What is this life they live?

Both had a chance to shine.
Their lives could've been fine.
But they took the easy way.
Now look where they are today.

A prison sentence of life,
He's got himself in strife.
He's got enemies inside...
News broadcasts: "he's died."

She gets used and abused,
Left bloody and confused.
She gets in over her head.
News broadcasts: "she's dead."

By A.Sherden
08/12/11

0


Did You Like This Poem?

Latest Comments

  • 5 years ago

    by Ingrid de Klerck

    This really tells the tale about the ones with no hope and nothing to strive for, Alisha. Sad to say these youths are everywhere, also in Holland.

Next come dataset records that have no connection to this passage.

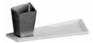
art. M45KR Mensola con bicchiere cm35 Shelf with glass cm35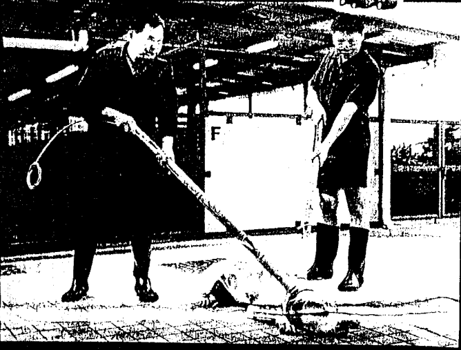
■「BB」則伏於捉狗隊員膝下。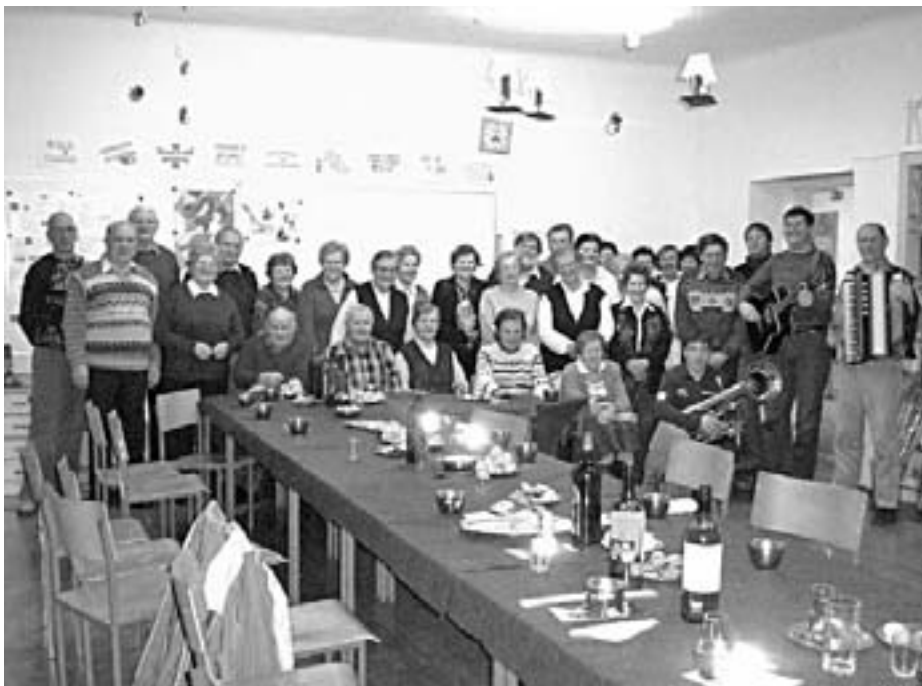
Starejši krajanji in krajanke Loma pod Storžičem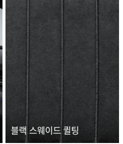
블랙 스웨이드 퀼팅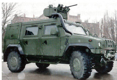
Fahrzeug Iveco LMV M65 Lynx.

Von der grösseren Einkaufsmenge verspricht sich das Militär einen niedrigeren Preis: 16,4 Millionen Rubel (ca. 410 000 Euro) pro Fahrzeug anstatt der derzeitigen 20,3 Millionen Rubel (ca. 507 000 Euro). Mit den Fahrzeugen sollen zehn neue Aufklärungsbrigaden sowie die Luftlande- und Sturmverbände ausgestattet werden. Obwohl die italienischen Fahrzeuge nicht zum Luftlanden geeignet sind und tiefe Wassersperren nicht überqueren können, sollen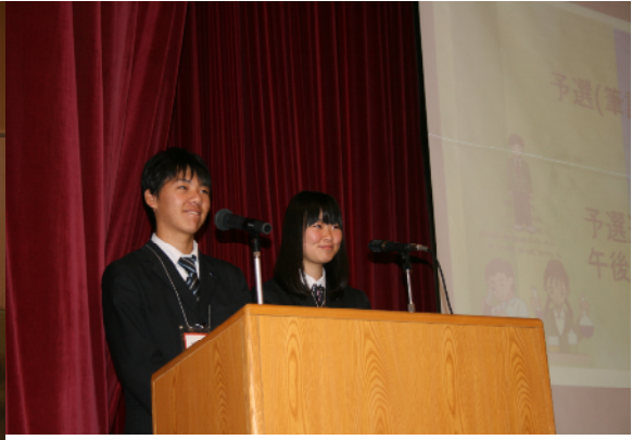
司会 龍野北高等学校放送部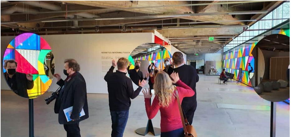
Peilailua Johtolankoja juurillemme -näyttelyssä.

Oppiaine teki kevätretken Johtolankoja juurillemme -näyttelyyn Espooseen. Samalla tutustuttiin Lohjan ja Espoon keskiaikaisiin kivikirkkoihin.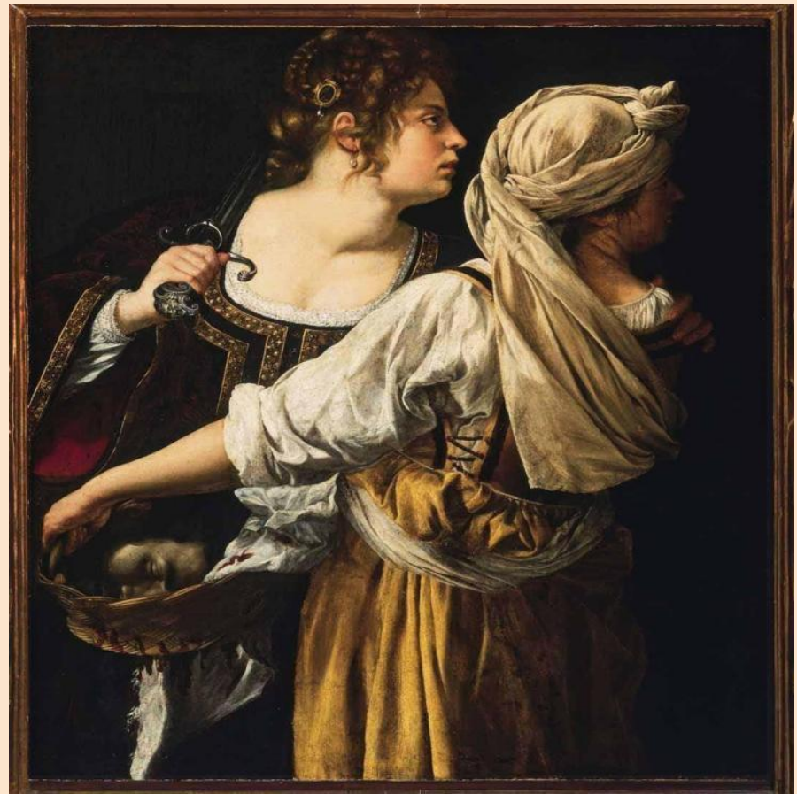
“Юдифь и ее служанка”, Джанилески (ок. 1613-1614 г.)

    When you are lucky, you have parents that discipline you, that can be done,even when you have no money. My son has a friend that is poor, truly poor, but his dad made him learn the Qoran by heart, 7 pages each night throughout his childhood. This kept him off the streets and out of reach of the bad guys;)

    Well done, sweet girl, it was a pleasure to read your work:)

    *hugs*

    5/5 Ingrid

  • 5 years ago

    by Dagmar Wilson

    Another one of your awesome writes
    and so well penned

  • Thank you for your comments. (:

    Firstly;
    'he sat' - it's possible that that's what it's meant to be - I will have to go re-read now.

    ^^ Gosh, I don't even know! haha. I keep jumping from present to past tense throughout the entire piece that I have confused myself considerably.

    Secondly;
    'he's dead' - yes this does sound better, but not only was I continuing with the rhyme but implying a cover-up of sorts by the prison personnel stating he died rather than was murdered, therefore protecting themselves from questions of failing to do there job properly etc..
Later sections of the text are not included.